EDIT: To answer the questions posed in the first answer, I am using gdb on the target (ARM), i.e. no cross-gdb. I also have not stripped libpthread.so.0 (/lib/libpthread-2.9.so: ELF 32-bit LSB shared object, ARM, version 1 (SYSV), dynamically linked (uses shared libs), for GNU/Linux 2.6.16, not stripped). glibc remained at version 2.9, and the update involved recompiling the whole linux image
EDIT2: Removing /lib/libthread-db* allows debugging (with consequent warnings and obviously some features will not work)
EDIT3: Using set debug libthread-db 1 I get:
Starting program: /home/root/app
Trying host libthread_db library: libthread_db.so.1.
Host libthread_db.so.1 resolved to: /lib/libthread_db.so.1.
td_ta_new failed: application not linked with libthread
thread_db_load_search returning 0
Trying host libthread_db library: libthread_db.so.1.
Host libthread_db.so.1 resolved to: /lib/libthread_db.so.1.
[Thread debugging using libthread_db enabled]
Using host libthread_db library "/lib/libthread_db.so.1".
warning: Unable to set global thread event mask: generic error
Warning: find_new_threads_once: find_new_threads_callback: cannot get thread info: generic error
Found 0 new threads in iteration 0.
Warning: find_new_threads_once: find_new_threads_callback: cannot get thread info: generic error
Found 0 new threads in iteration 1.
Warning: find_new_threads_once: find_new_threads_callback: cannot get thread info: generic error
Found 0 new threads in iteration 2.
Warning: find_new_threads_once: find_new_threads_callback: cannot get thread info: generic error
Found 0 new threads in iteration 3.
thread_db_load_search returning 1
Warning: find_new_threads_once: find_new_threads_callback: cannot get thread info: generic error
Found 0 new threads in iteration 0.
Cannot find new threads: generic error
(gdb) Write failed: Broken pipe
There are two common causes of this error:
You have a mis-match between libpthread.so.0 and libthread_db.so.1
You have stripped libpthread.so.0
Your message isn't entirely clear:
are you using cross GDB to debug the application running on ARM from an x86 host?
have you updated (or rebuilt) glibc in addition to updating the kernel, etc.
If you stripped libpthread.so.0, then don't do that -- libthread_db needs it to not be stripped.

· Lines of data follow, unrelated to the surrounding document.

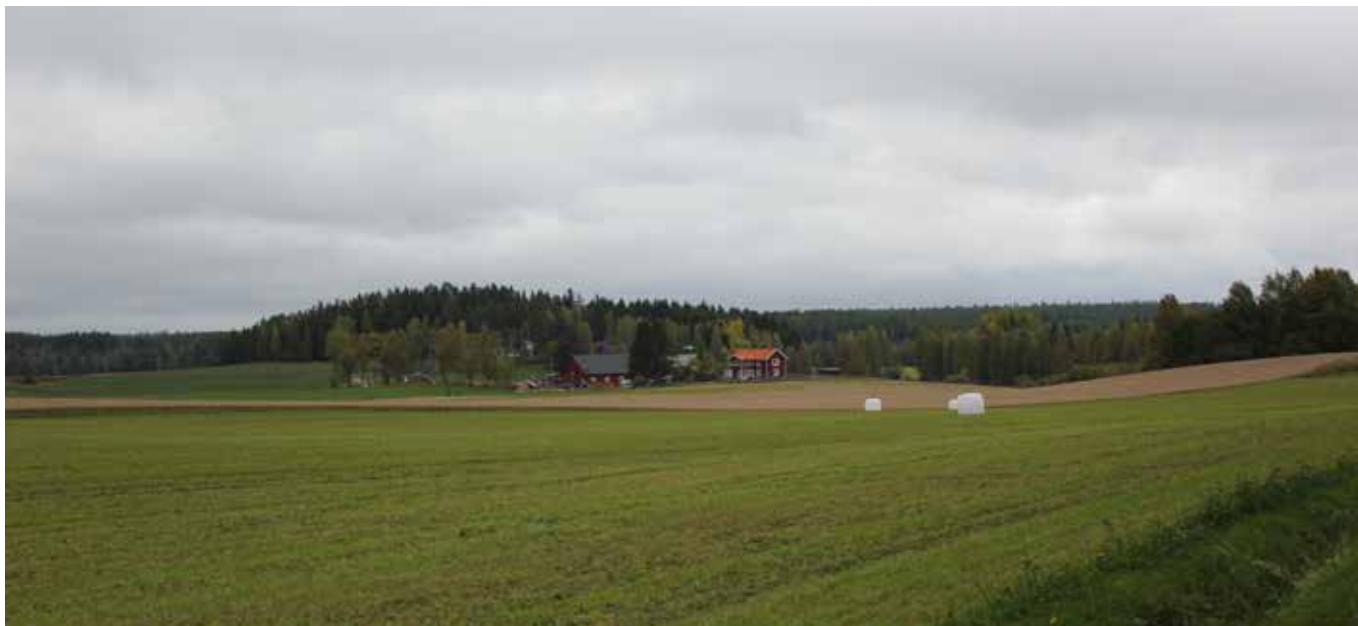
Jordbruksmarken står för flera ekosystemtjänster.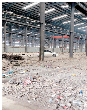
管城区紫东钢铁工业园

里有 5000 平方米黄土裸露没有覆盖到位,在没有采取任何降尘措施情况下,一台挖掘机正在进行施工。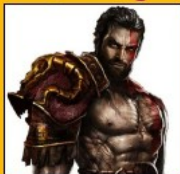
Deimos frère de Kratos

Un oracle prédit à Zeus que l'Olympe tombera à cause d'un mortel possédant des marques rouges sur son corps. C'est pourquoi le frère cadet de Kratos s'est fait enlever par Arès qui le torture. Pour cette raison, Deimos hait Kratos, car celui-ci ne l'a pas sauvé lorsque Arès l'a enlevé. Deimos veut défier Kratos en duel, mais ils se sont alliés une dernière fois pour vaincre Arès. Deimos meurt sous les coups du dieu. Kratos, en l'honneur de son petit frère se peignera sur le corps les mêmes marques rouges que lui. Héraclès a aussi un frère, Iphiclès, qu'il protégera, notamment, des deux serpents envoyés par Héra pour les tuer.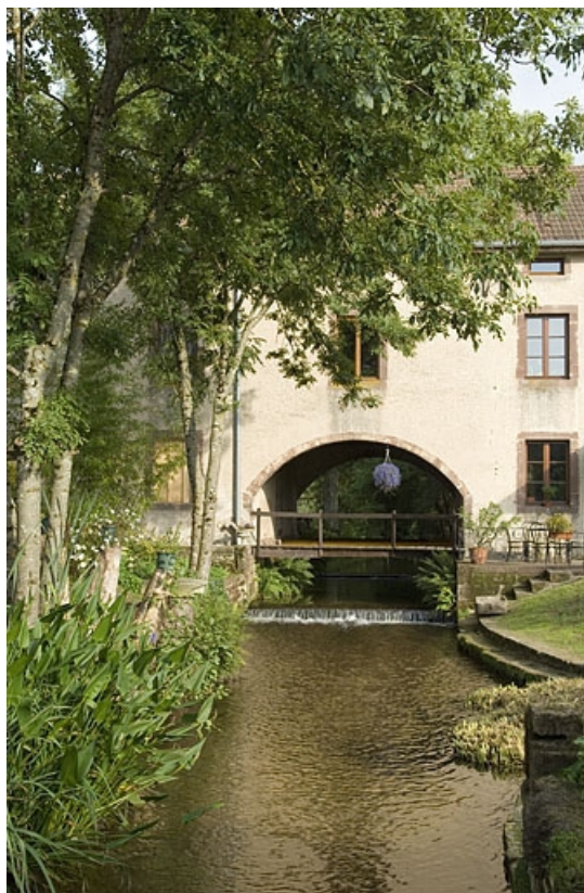
Passage du bief de dérivation sous le bâtiment.

70, Saint-Loup-sur-Semouse, 41 avenue d' Augrogne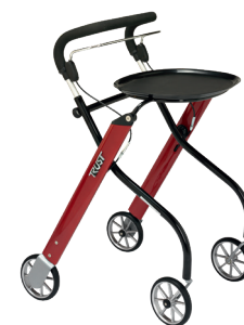
Indendørs TrustCare Let's go HMI nr. 43952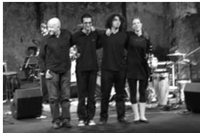
→ »Matabb« featuring Manfred Leuchter

Das deutsch-palästinensische Ensemble Matabb gründete sich im Sommer 2006 mit dem Ziel, in Palästina eine Jazzszene zu etablieren. Seither spielten Anna-Mareike Vohn, Ahmed Eid und Tareq Rantisi auf zahlreichen internationalen Jazzfestivals und touren immer wieder durch die Länder des Nahen Osten. Neben traditionellen und zeitgenössischen orientalischen Stücken spielen Matabb hauptsächlich Werke des norwegischen Komponisten Oystein Bru Frantzen. Aber auch eigene Kompositionen sind im Repertoire enthalten, in denen sich europäischer Jazz mit orientalischen Elementen zu Weltmusik verbindet. Manfred Leuchter, in der internationalen Jazzszene bekannt als Akkordeonspieler, Komponist und Produzent, begleitet das Ensemble regelmäßig als Gast.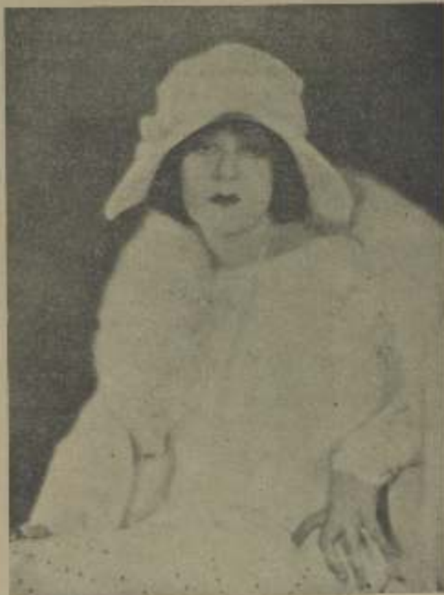
Una bella artista cuyo nombre, sin duda, lector, has repetido con frecuencia. ¡A ver si aclaras!

imperó, en los galanes cinematográficos, la temporada 1928. Todos, o casi todos, se depilaron las cejas y se tostaban al sol. Estaban monísimos, impermeables. Daba gusto verlos por la calle de Alcalá, embutidos en fumantes ternos, cortados a lo trévido... Si a alguien se le ocurre introducirlos en un frasco de cristal, obtiene una cantidad de lodo asombrosa. ¡Artistas de cine y con la faz abetunada, ¿Has visto mayor desatino?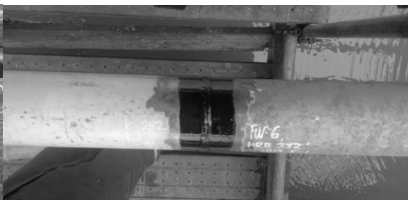
Gambar 9. Pengujian benda uji setelah menggunakan Visual Test

Mengacu pada gambar (8), dalam 2 metode NDT ini, metode dye penetrant test lebih efektif mendeteksi adanya cacat las. Namun dalam kemudahan dan biaya yang minim, VT merupakan metode yang dapat dipertimbangkan. Namun untuk VT, manusia memiliki batas dalam penglihatan. Akan tetapi, banyak inspector menggunakan kaca pembesar atau lup untuk melihat lebih detail akan cacat las. Oleh karena itu, untuk perbandingan 2 metode ini, dye penetrant test adalah metode yang tepat untuk mencari celah dalam benda uji material.

If you are cross-debugging, make sure to rebuild libthread_db.so.1 on host to match glibc on target.
Update:
not cross-debugging
did not strip libpthread
So, something in your GDB or glibc appears to have been broken. You can try to see what that is by
Putting removed libthread_db back, and
(gdb) set debug libthread-db 1
(gdb) run
Update 2:
warning: Unable to set global thread event mask: generic error
This means that GDB was able to look up td_ta_set_event function in libthread_db, and called it, but the function returned an error. One way this could happen is if GDB was unable to find __nptl_threads_events function in libpthread.so.0. What does this command produce:
nm /lib/libpthread.so.0 | grep __nptl_threads_events
If that command produces output, e.g.:
000000000021c294 b __nptl_threads_events
then I am not sure what else is failing. You'll likely have to debug GDB itself to figure out what's happening.
If on the other hand the grep above produces no output, then it's a problem with your toolchain: you'll have to figure out why that variable doesn't appear in your rebuilt libpthread.so.0.